Je passe sur les deux postulats qui suivent ces définitions de base, ils disent simplement que les corps sont pour la plupart des choses complexes, très composées, mais ça ne les empêche pas d'accéder à une certaine continuité.
Y compris de façon inconsciente, car les traces des passions (choses subies ou accomplies sans savoir comment de façon précise et complète, sans qu'on tienne toute la chaîne de causalité) ne persistent pas moins que celles des actions (où l'on est bien arrimé à la chaîne). (Cf Quand il se fait)
Tout ceci posé, la démonstration va se construire selon le déroulé de 59 propositions, sans compter explications, démonstrations, scolies ...
Je te vois blêmir, lectrice-teur : « on n'est pas sorti de l'auberge ». Mais pas d'angoisse : de tout cela, je laisserai autant que je pourrai, le reste je le simplifierai comme je pourrai. Et puis on prendra le temps qu'il faut c'est tout.

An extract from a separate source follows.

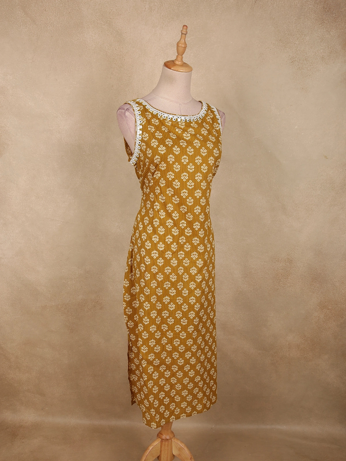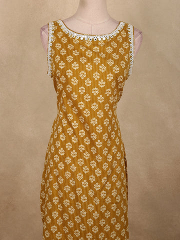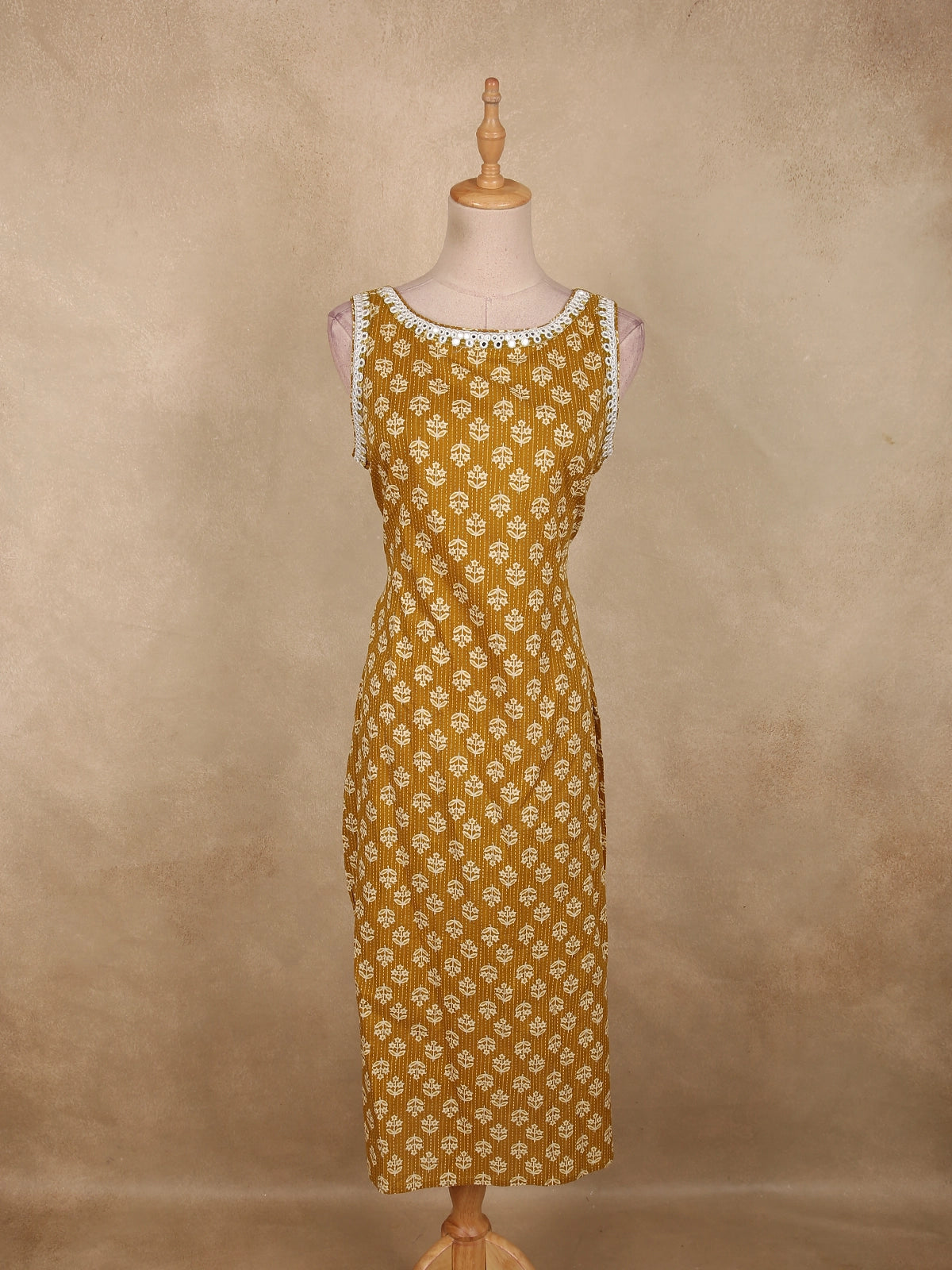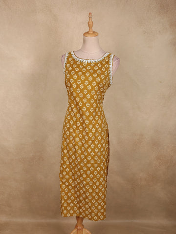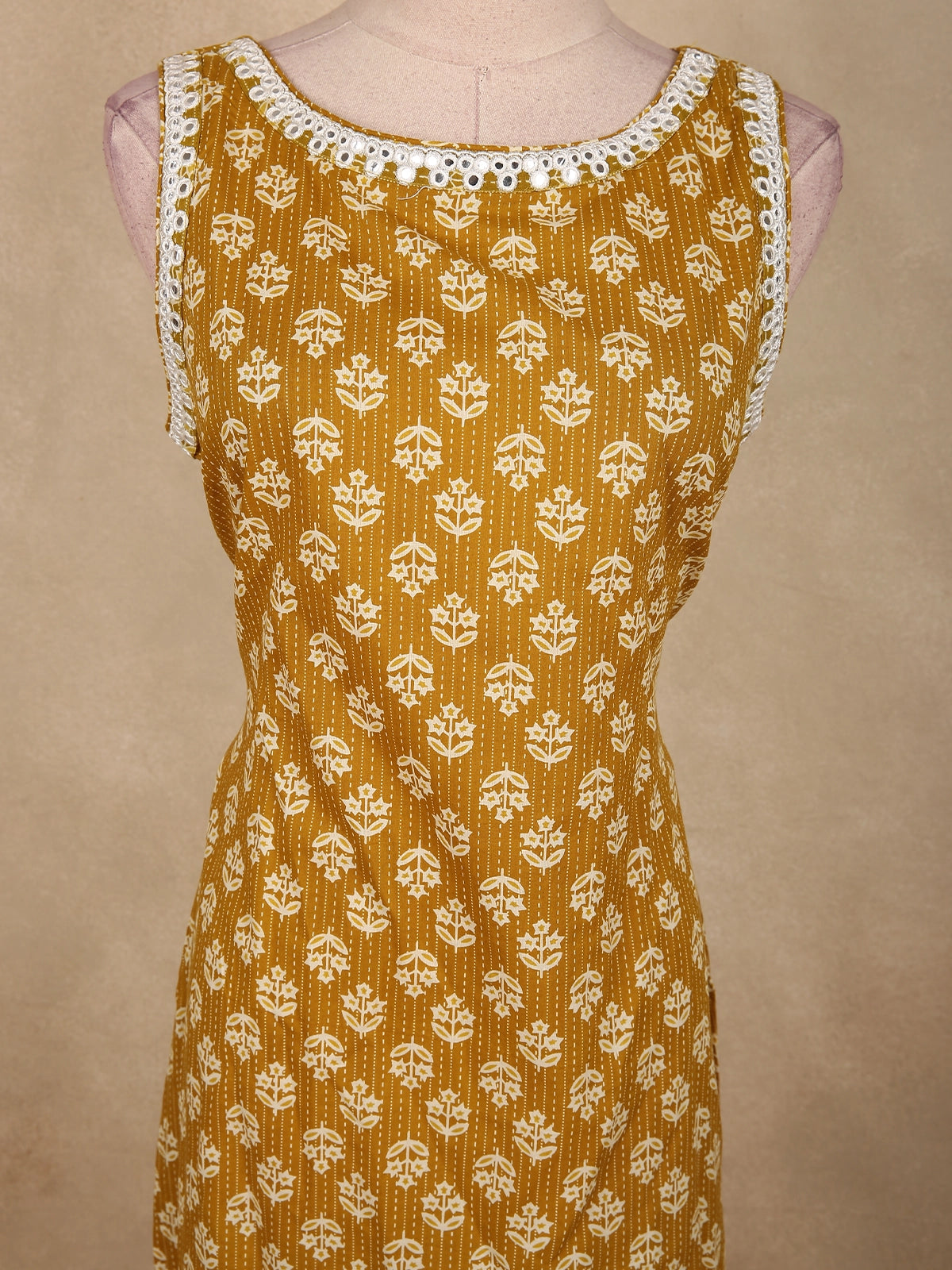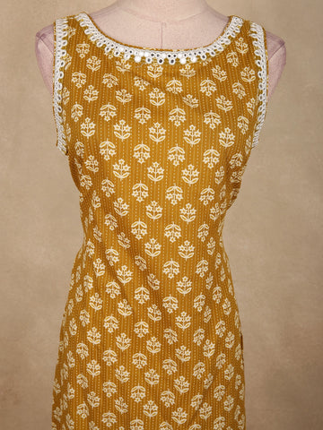 Mustard Ochre Yellow Floral Printed Design Cotton Kurti

« Le corps ne peut déterminer l'esprit à penser, ni l'esprit déterminer le corps au mouvement, ni au repos, ni à quoi que ce soit d'autre (si ça existe)* ».
(Spinoza Éthique Part.3 prop.2)
Pas clair ?
« Les hommes se croient libres pour la seule raison qu'ils sont conscients de leurs actions et ignorants des causes par quoi elles sont déterminées, et, en outre, (ignorants) que les décrets de l'esprit ne sont rien d'autre que les appétits eux-mêmes, et pour cette raison varient en fonction de l'état du corps (…) Ceux donc qui croient qu'ils (…) font quoi que ce soit par un libre décret de l'esprit rêvent les yeux ouverts. »
(Scolie prop.2)
Si l'esprit ne peut agir sur le corps, c'est que ni l'un ni l'autre ne peuvent s'extraire de la chaîne de déterminations.
Aussi différents que soient leurs rouages propres, ils sont pareillement inclus dans le fonctionnement d'un unique mécanisme : telle est la conception dite unisubstantielle de Spinoza.
Il en pose tous les tenants et aboutissants dans les deux premières parties du livre. Par exemple :
« La substance pensante et la substance étendue (= le réel ou plutôt le 'réalisé') sont une seule et même substance, que l'on embrasse tantôt sous l'un, tantôt sous l'autre attribut (…) Que nous concevions la nature sous l'attribut de l'étendue ou sous l'attribut de la pensée ou sous n'importe quel autre, nous trouverons un seul et même ordre, autrement dit un seul et même enchaînement des causes. »
(Scolie du corollaire de la prop.7 part.2)
Enchaînement rendant impertinente la notion de libre-arbitre, mais ouvrant pourtant à une forme de liberté : c'est le paradoxe au cœur du spinozisme, que nous commencerons à voir (sinon comprendre) la prochaine fois.
*La théorie quantique nous apprend qu'en fait oui, ça existe.